EXERCISE REQUIREMENTS :: Skip the pictures. Output only the lines below starting at the line with "Astronaut Kostüm Damen" and ending at the line with "オーバーダイされた様な深く沈", both ends included, exactly as they are.

RECORDS TO USE ::
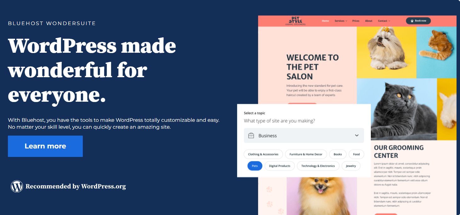 Η BlueHost προσφέρει μια πληθώρα επιλογών σε όσο αφορά τις hosting επιλογές, από απλά shared hosting πακέτα μέχρι και VPS και Dedicated servers. Η εταιρεία εστιάζει στο να παρέχει ένα εύκολο διαχειριστικό περιβάλλον το οποίο μπορούν να χρησιμοποιήσουν αρχάριοι χρήστες με ευκολία, επιτρέποντας την εγκατάσταση του WordPress με λίγα μόλις κλικ.
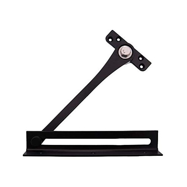 Door and casement limiting stay Use: Limiting the opening angle of a door to 90 degrees – Door & Casement Friction Stay Also acts as a hold open device by manually tightening the nut connecting the arm Product Information: Helps reduce risk of damage when the door is forcibly thrown open or the wind catches it. Excellent choice for open out doors, particularly in windy locations Very strong and simple in design, fit and function Material: Steel Fixings: Wood screws (included) Finish: Silver Fitting: Simply fix in a position at the head of the door that allows opening to the desired angle, fix in place and then adjust the friction at the pivot point
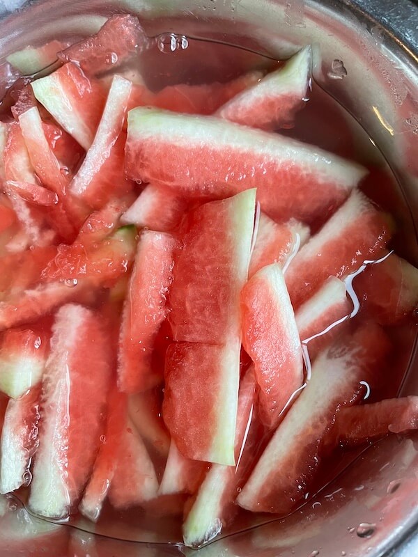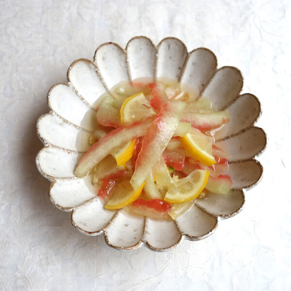 緑の部分も乾燥させてお茶などに利用できますが、手軽に食べられるのが緑の皮と赤い部分の間の白い部分です。昔「おばあちゃんがスイカの皮を漬物にしてくれた」という人も多いんじゃないでしょうか。
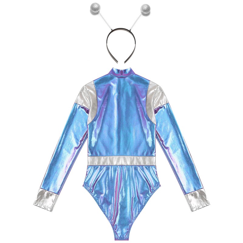 Astronaut Kostüm Damen Metallic Bodysuit mit Alien Haarreif Halloween Karneval
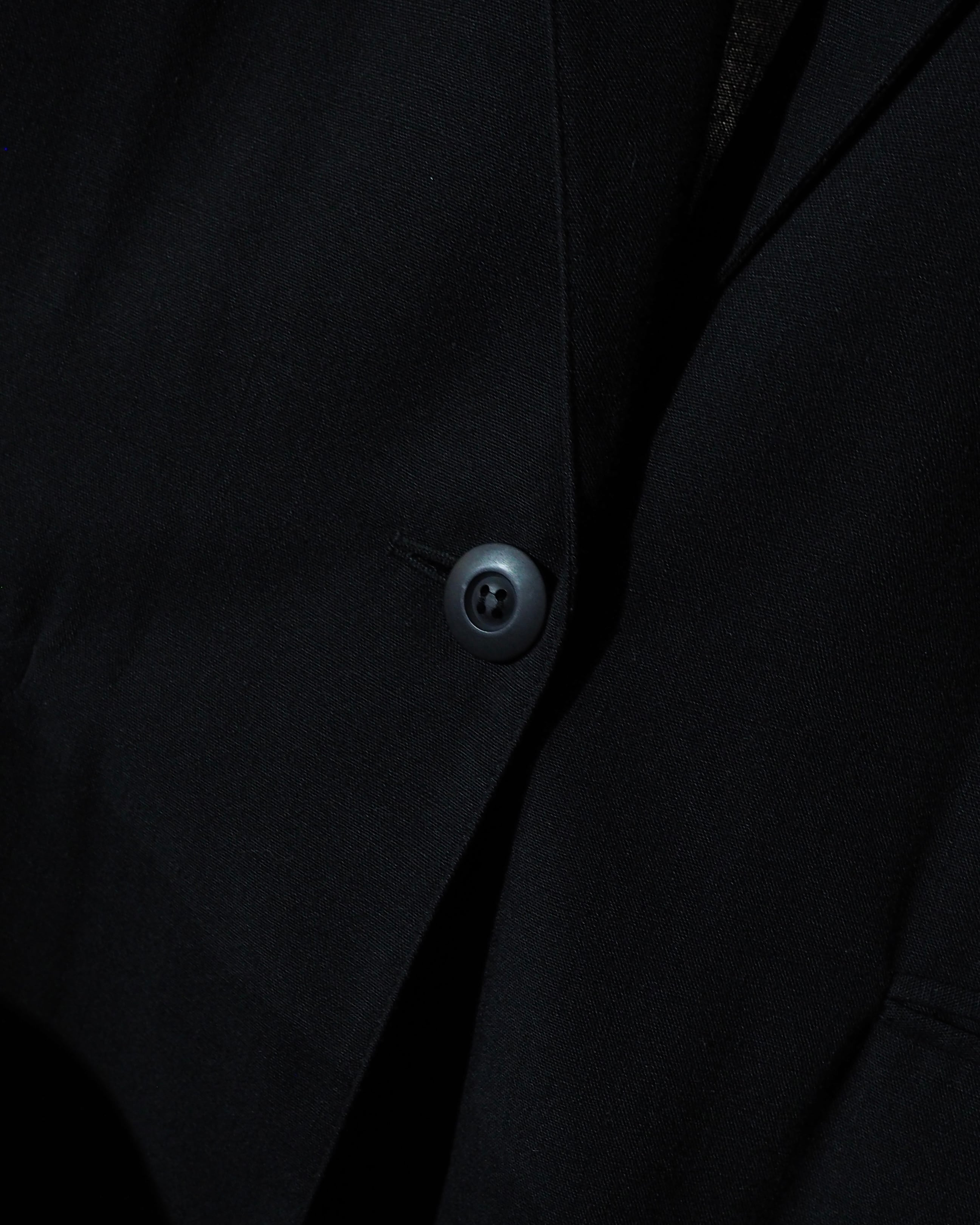 オーバーダイされた様な深く沈み込む単色ブラックのお色が雰囲気のある逸品。フロントを留める釦も同色で統一されており、シンプルなデザインですが洗練されたミニマルな表情をみせてくれます。
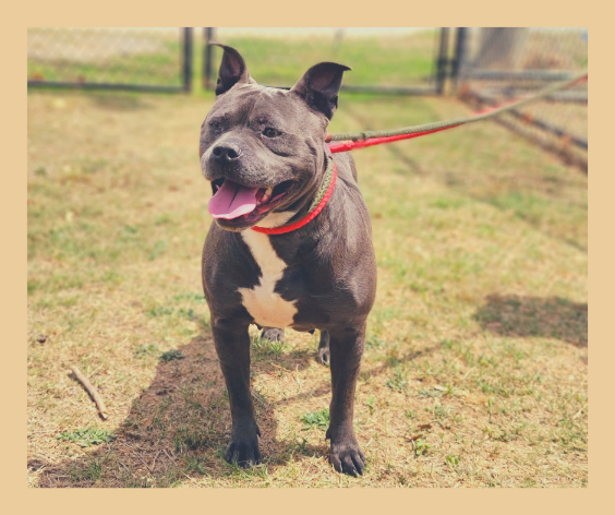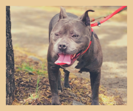 Sporting a hippo-like appearance and a mood-boosting smile, Aspen paraded around the play yard and the shelter grounds with a kind of authority-exuding confidence that could lead humans and canines alike to believe she runs the place. Fitting with the theme, I was told Aspen’s repertoire of signature looks includes a slightly judgmental side-eye that completes her adorably sassy attitude.
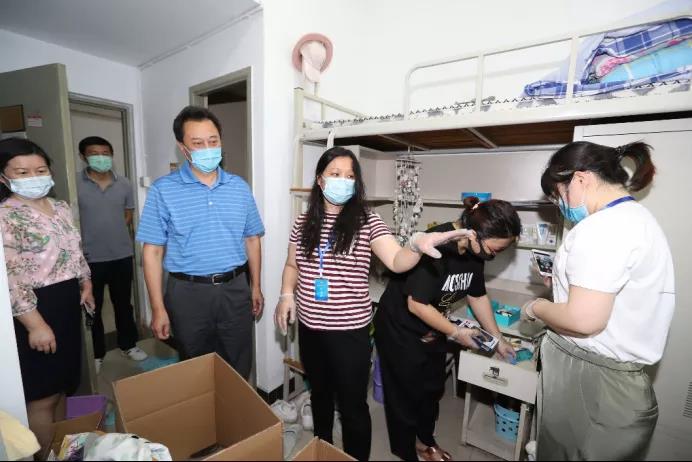 秉承用心服务、细致整理、分类放置、妥善邮寄的宗旨,确保毕业生所有行李安全到家,在行李打包前期,辅导员通过各种方式确认核对邮寄行李人数、邮寄物品清单及详细邮寄地址。在整理行李过程中,为了避免遗漏,老师们全程与学生视频连线,一手举着手机,一手挑选物品,在学生的“导航”下,一件件物品精准“定位”,老师们通过点对点、一对一的服务,确保了每一位同学的物品准确齐全。倪海东书记、刘利校长看望慰问参加毕业生打包邮寄行李工作的教工们,并与正在视频连线确认打包邮寄物品的毕业生亲切交流,表示学校和全体老师一定全力做好打包邮寄行李工作,请同学们放心,同时询问了学生疫情期间的生活情况和工作去向,勉励毕业生在困境中振奋精神,勇往直前。
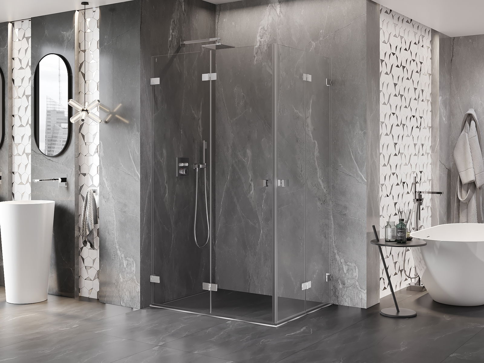 Iespēja salocīt durvis gan uz āru, gan uz iekšpusi, ļauj iegūt vairāk vietas, kad duša netiek izmantota. Tas ir ideāls risinājums mazākām vannas istabām, maksimāli izmantojot pieejamo telpu.
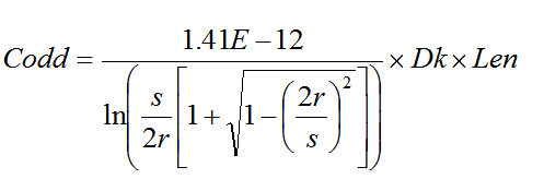 For inductance, we will use the odd-mode inductance formula from the twin-rod transmission line geometry to calculate Lvia :
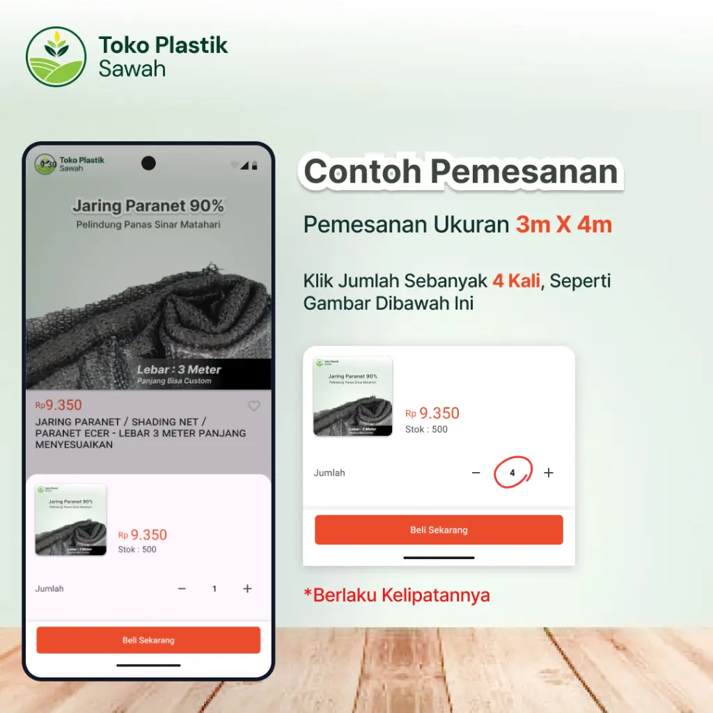 - Jadi misalkan kamu membutuhkan panjang 5 meter, silahkan klik beli 5 maka kamu akan mendapatkan lebar 3 meter x panjang 5 meter.
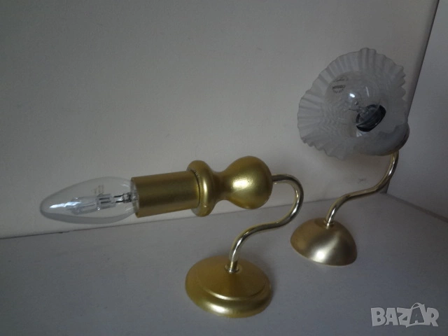 Комплект от 2 броя лампи за стена - аплици в златист цвят. И двата са различни модели и могат да се поставят в отделни помещения. Тествани са и работят идеално. Високи са по 20 см. Цената е за двата броя , но се продават и по отделно.

SOLVED EXERCISE ::
 Astronaut Kostüm Damen Metallic Bodysuit mit Alien Haarreif Halloween Karneval
 オーバーダイされた様な深く沈み込む単色ブラックのお色が雰囲気のある逸品。フロントを留める釦も同色で統一されており、シンプルなデザインですが洗練されたミニマルな表情をみせてくれます。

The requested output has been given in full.